Good Life, Good Food: Summer Shrimp

From the Panhandle's home for good news and great mornings, Chef Bud Andersen's recipe for Summer Shrimp.


1 lb 16/20 peeled and deveined shrimp

¼ C extra virgin olive oil

2 cloves garlic, sliced or chopped

½ tsp McCormick red pepper flakes

½ tsp McCormick smoked paprika

¼ ea fresh lemon wedge

1 Tblspn fresh basil, chopped


¼ C shredded bi color carrots

1 ea stalk of celery, chopped

1 ea green onion, sliced green and all

1 ea zuchinni, sliced

¼ ea red bell, sliced


Heat the oil in a large sauté pan, over high heat.

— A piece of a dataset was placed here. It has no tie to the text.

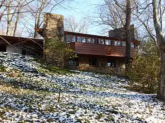 The original house was completed in 1951 and expanded in 1956.[3] It is placed on a hill because Wright wanted the building to be "of the hill", as if it had grown organically.[2] The original structure had one bedroom, a study and a kitchen and a total of 1,800 square feet (170 m2), while the addition covers 1,400 square feet (130 m2). The entrance is dominated by a dramatic wood cantilevered carport, which leads to an impressive yet unpresumptuous low-slung house with cypress paneling and indigenous stone.
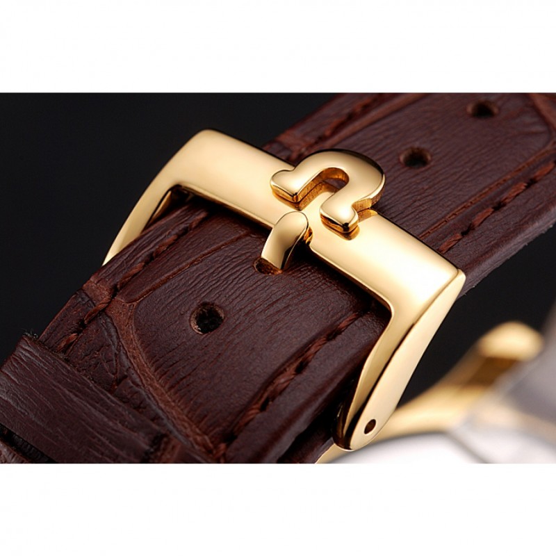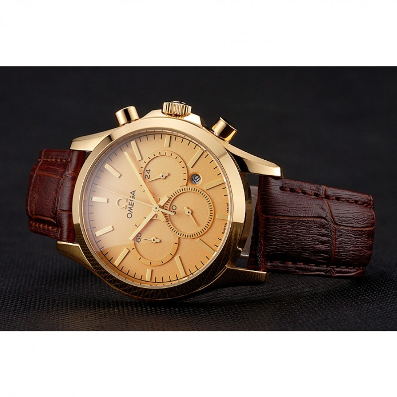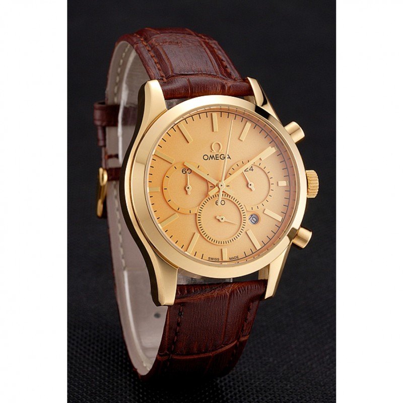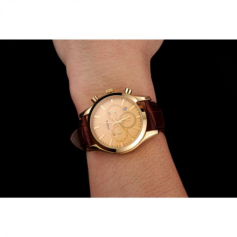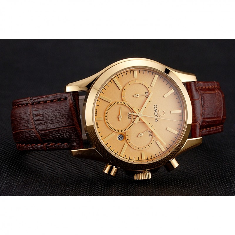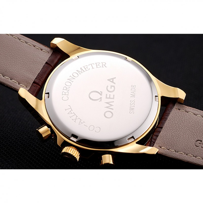 pulsera: correa de cuero Omega y el logotipo de calor en relieve de cocodrilo marrón con logo Omega tallada 18k oro amarillo plateado de gancho hebilla de cierre

Cook and stir the garlic into the oil until fragrant, sprinkle in the red pepper flakes and smoked paprika into the oil.

At this point you can first add your vegetables, sauté for 2-3 minutes then add your shrimp and sauté for an additional 1-2 minutes. Pour lemon juice over the mixture and sauté for a minute. Reduce the heat to medium low, add basil and toss lightly. Season with kosher salt and coarse black pepper, serve as its own dish or over rice.


Add the shrimp, toss to coat. Pour lemon juice over the shrimp. Allow to cook until shrimp are bright and pink on the outside and meat is no longer transparent in the center, about 1 to 2 minutes. Reduce heat to medium low; add the basil and toss lightly. Season with kosher salt and coarse black pepper and serve. Great dish for hot summer evenings, light and flavorful! Enjoy!